Editorial de O Globo (27/7/2022)

Em tempos de ameaças ao regime democrático, é louvável a iniciativa da Faculdade de Direito da Universidade de São Paulo (USP), a São Francisco, de divulgar um manifesto em defesa da democracia e do resultado das eleições de outubro. Reunindo mais de 100 mil assinaturas de professores, alunos, empresários, banqueiros, juristas, ex-ministros, trabalhadores, acadêmicos, artistas e representantes de um diversificado arco da sociedade brasileira, a “Carta às Brasileiras e aos Brasileiros” é uma das mais contundentes e firmes respostas dadas até agora aos arroubos golpistas do presidente Jair Bolsonaro e a seus ataques às urnas eletrônicas, ao sistema eleitoral e à própria democracia. Reação que infelizmente tem faltado a ocupantes de postos-chave da República.

A força do manifesto, que será lido na data simbólica de 11 de agosto, não é medida apenas no número de assinaturas ou no peso das adesões que unem as mais diversas correntes do pensamento nacional. A inspiração é a histórica “Carta aos Brasileiros”, lida pelo jurista Goffredo da Silva Telles Junior também nas arcadas do Largo de São Francisco em 8 de agosto de 1977. Exigia-se então o fim da ditadura militar, a volta do Estado de Direito e da democracia. “Ditadura é o regime que governa para nós, mas sem nós”, disse Goffredo num dos momentos mais marcantes da luta pela volta do regime democrático. A democracia só voltou na década seguinte, mas aquele momento deu início à derrocada da ditadura.

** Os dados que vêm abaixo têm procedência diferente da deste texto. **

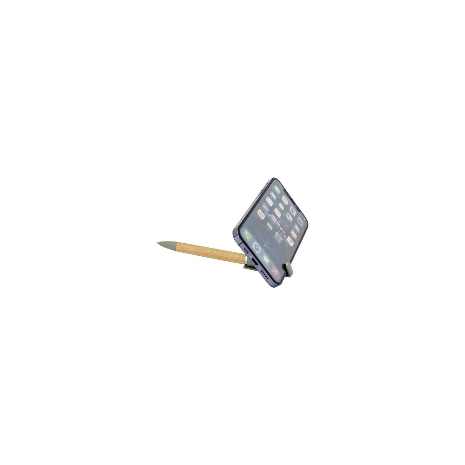 - Penna a sfera in bambù che funge anche da supporto per smartphone

O documento divulgado 45 anos depois faz a defesa intransigente do sistema eleitoral que sustenta a democracia brasileira. “Nossas eleições com o processo eletrônico de apuração têm servido de exemplo no mundo. Tivemos várias alternâncias de poder com respeito aos resultados das urnas e transição republicana de governo”, afirma. “As urnas eletrônicas revelaram-se seguras e confiáveis, assim como a Justiça Eleitoral.”

O recado aos que sabotam a democracia acontece pouco mais de uma semana depois do encontro descabido em que Bolsonaro atacou o sistema eleitoral brasileiro diante de representantes estrangeiros, fez acusações sem provas contra a segurança e a confiabilidade das urnas eletrônicas, criticou o Supremo Tribunal Federal, o Tribunal Superior Eleitoral e seus ministros. No domingo, em discurso na convenção nacional do PL que homologou sua candidatura à reeleição, Bolsonaro voltou a atacar o Judiciário e convocou protestos para o dia 7 de setembro.

A melhor resposta aos ataques é a mobilização da sociedade, que vem acontecendo. A carta da São Francisco em momento político crítico não é a única a erguer uma trincheira em torno da democracia. A todo momento, dentro e fora do país, surgem manifestações de apoio ao sistema eleitoral brasileiro, referência para o mundo todo. Em duas décadas e meia de funcionamento, não há registro de fraude ou irregularidade. Em quase quatro décadas desde o fim da ditadura, o Brasil vive o período mais longevo de sua democracia. A sociedade precisa zelar para que ela se renove a cada dia.